Seven former employees of Zeid Women’s Health Center in Longview have filed a countersuit against the clinic, arguing against an injunction placed on them earlier this summer and calling for the facility’s founder to be held financially responsible for their loss of incomes and other damages.

“There is more than one victim here...,” said George Flint, a Frisco attorney representing the nurse practitioners and midwives in their counterclaim against Dr. Yasser Zeid. “These nurses were taking care of hundreds and hundreds of low-income patients in the Longview area. All that support was yanked out from under them. .... At the end of the day, the patients lost their health care providers without an option. These nurses deserve to work.”

The women worked for Zeid providing women’s health care at Special Health Resources as part of a contract between the two entities that no longer exists. The seven providers’ employment with Zeid ended earlier this year under circumstances each side disputes.

They went to work for Special Health Resources, prompting Zeid to sue them and Special Health Resources and seek an injunction to prevent the women from working there. He maintains the women were prevented from working there under a contractual noncompete clause. Judge Alfonso Charles, who presides over the 124th District Court in Gregg County, placed a one-year injunction on the women earlier this year that prevents them from working locally. They were fired from Special Health Resources.

Zeid’s lawsuit is expected to go to trial in November, and the women have appealed Charles’ decision to the state’s 12th Court of Appeals in Tyler. Flint said the women’s attorneys will attempt to coordinate the timing of the appeal and the ongoing litigation in Gregg County.

“We’re saying that the injunction against the nurses prohibiting them from working at SHRT, at that clinic, was wrongful,” he said, explaining that his clients argue that the noncompete clause didn’t include Special Health Resources, but a specific set of health care providers within 20 miles of Longview.

He said that legally “covenants not to compete deserve to be interpreted narrowly.” Flint believes the 12th Court of Appeals will reverse Charles’ decision and determine the covenant not to compete was incorrectly applied.

“Dr. Zeid knew that (the noncompete clause) did not include that clinic, and yet went to court anyway and tried to argue that it did and in the process tried to prohibit the nurses from being able to work really at any clinic” within 20 miles of Longview, Flint said. “A number of these women are longtime residents to Longview with family connections. It’s just not that easy for them to get up and go someplace else.”

The counterclaim was filed Sept. 25. Zeid’s attorney did not immediately return a phone call Thursday.

A statement Zeid Women’s Health Center previously issued in this case said there was a “conspiracy between ZWHC mid-levels and the SHRT CEO who is no longer with the organization.”

“The contractual violations, including the very standard non-compete, are numerous and have been upheld in court ...” the earlier statement says.

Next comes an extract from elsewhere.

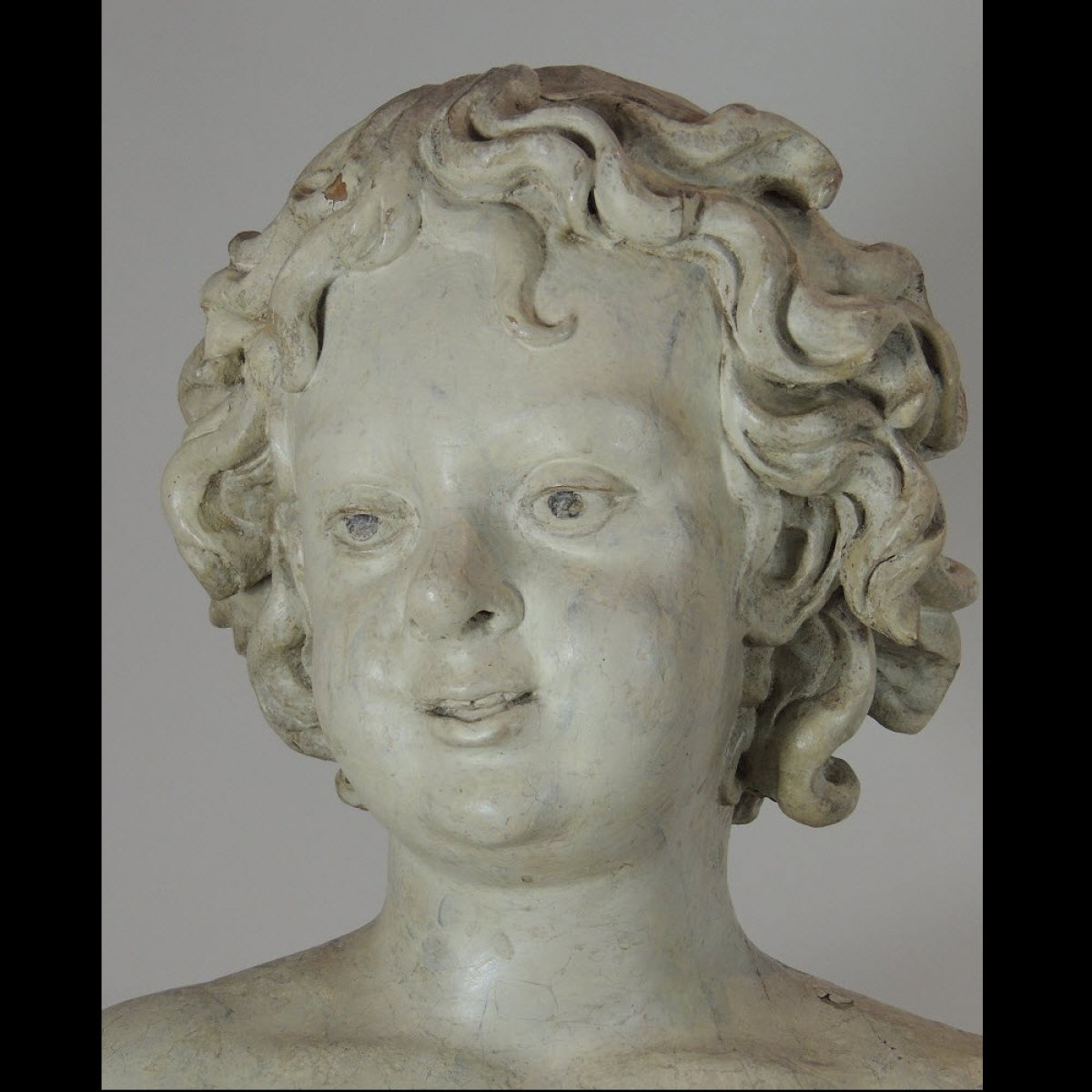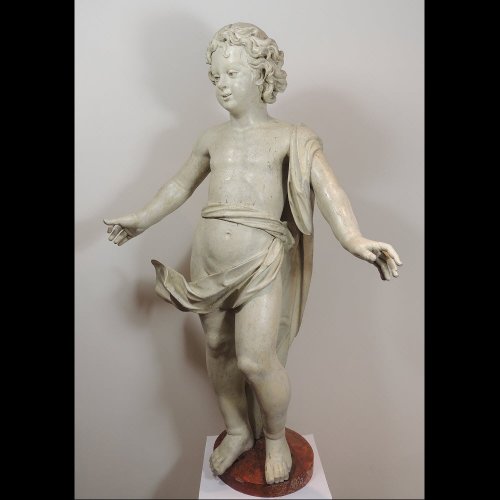Ce grand putto en tilleul est réalisé par un sculpteur italien du XVIIème siècle. Il est peint en blanc à l’imitation du marbre. Un subtil contrapposto, un sourire à peine esquissé, une chevelure bouclée, mais surtout un ensemble très aérien offre une esthétique empruntée à la Renaissance qui se termine à peine. Plus mature que les habituelles représentations de putti, cet amour prend l’apparence d’un pré-adolescent. Malgré des rondeurs, il est empreint d’une grande grâce.
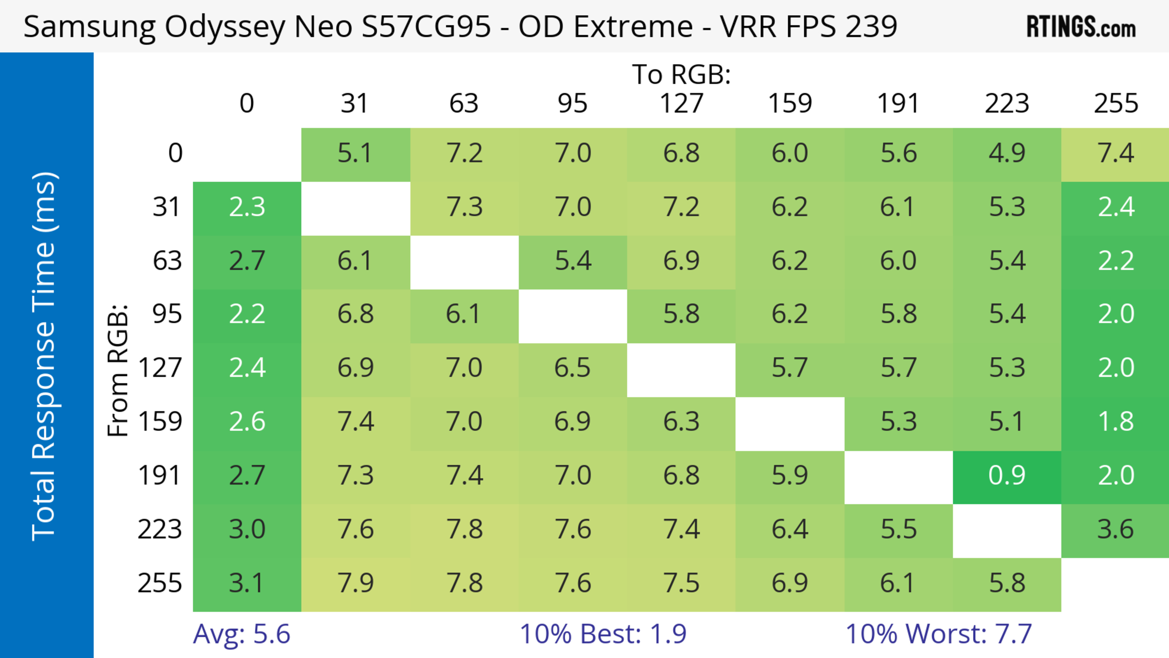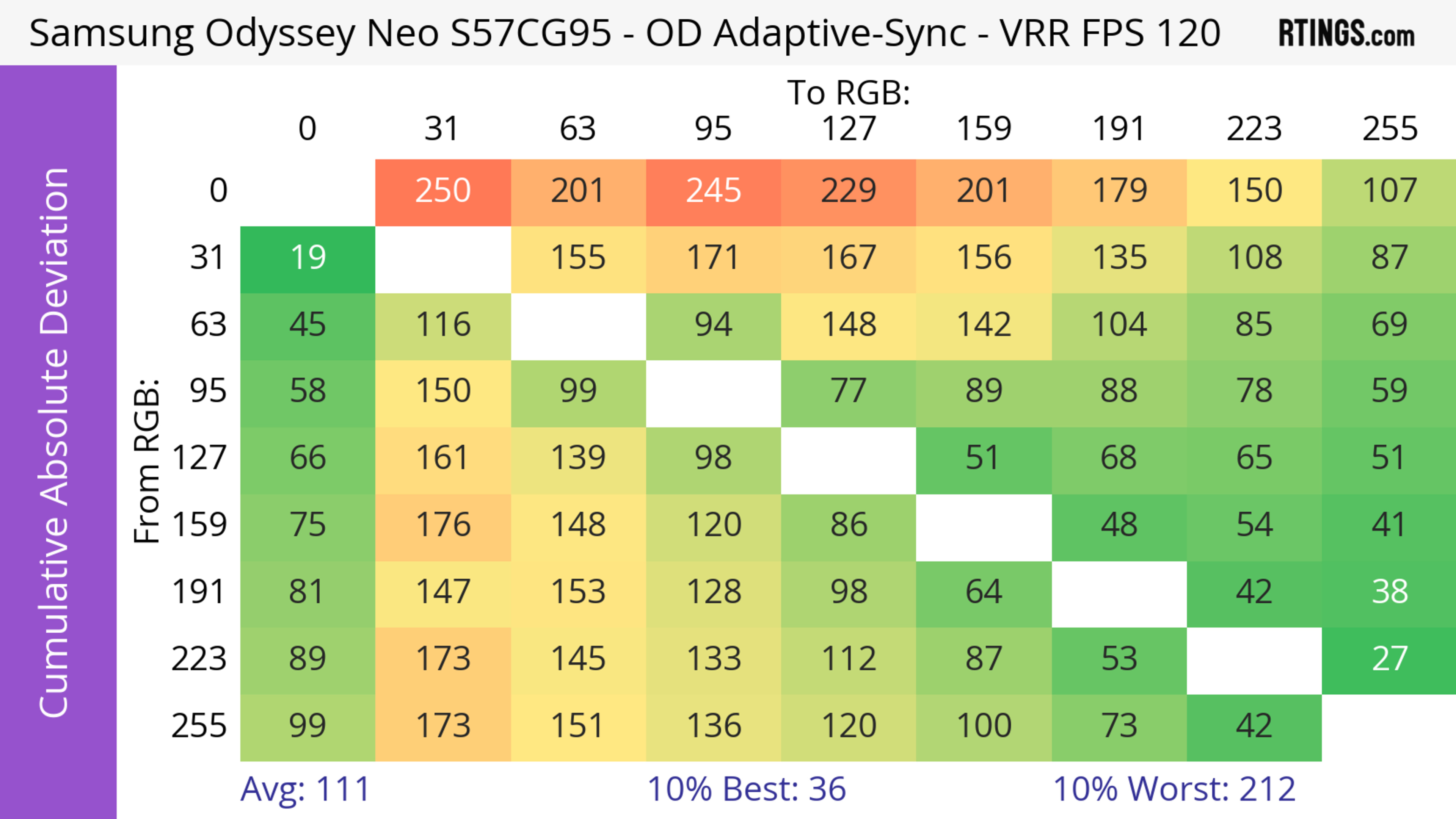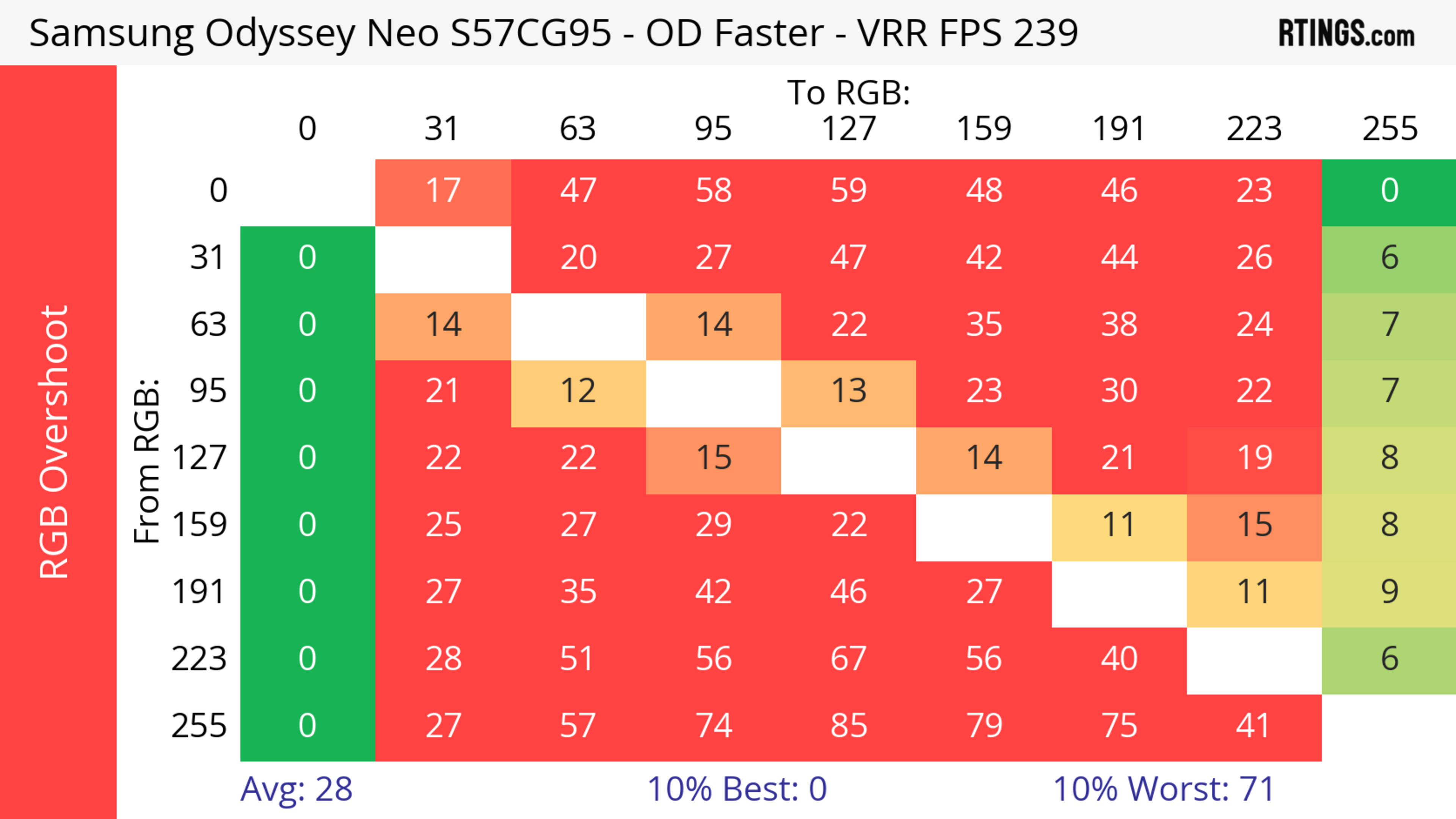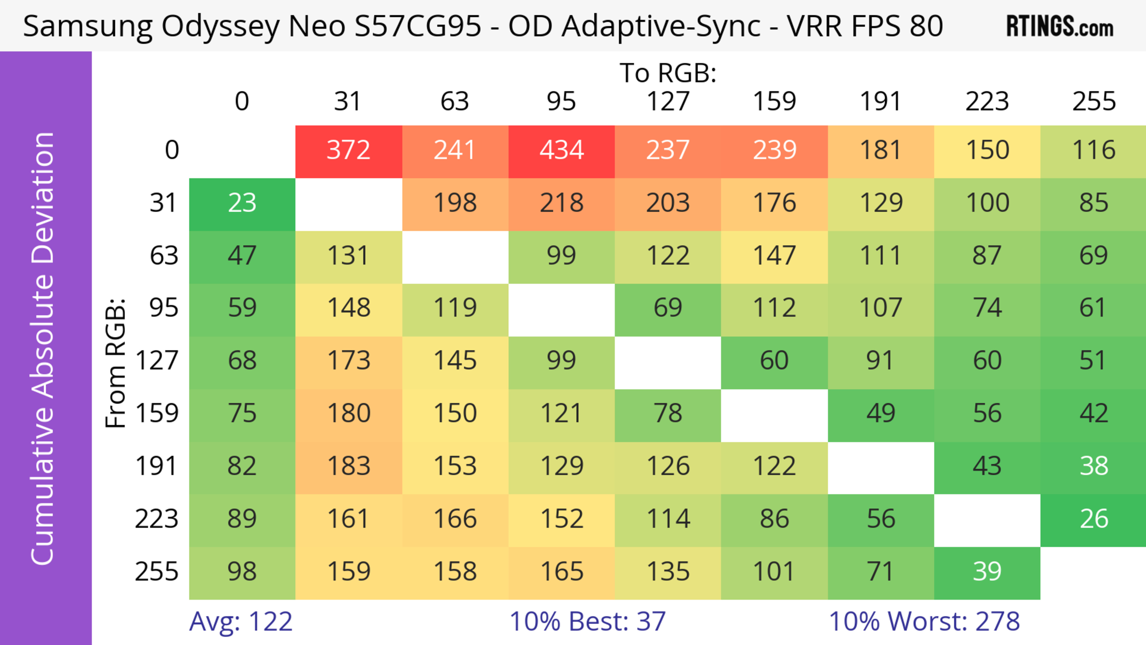 The motion handling is excellent across the VRR range. Using VRR disables any of the overdrive settings, and motion is consistently fast across the refresh rate range, without much blur, but there's still some smearing.

“(The women have said) SHRT was not a named entity in the non-compete. Mid-level practitioners must work under a supervising physician, and they have to collaborate with a physician who has privileges in one of the local hospitals to care for their patients when admitted to one of these hospitals,” the statement continued. “The supervising physicians at SHRT were initially all affiliated with entities named in the non-compete, and all physicians the mid-levels worked in conjunction with in order to care for their patients were affiliated with those entities.”

Flint, however, said “these ladies have been run over.”

“Whether or not the rulings are adverse to us, the nurses still want their day in court,” he said. “They feel like they’ve been wronged, and I agree with them. I feel like they’ve been seriously wronged.”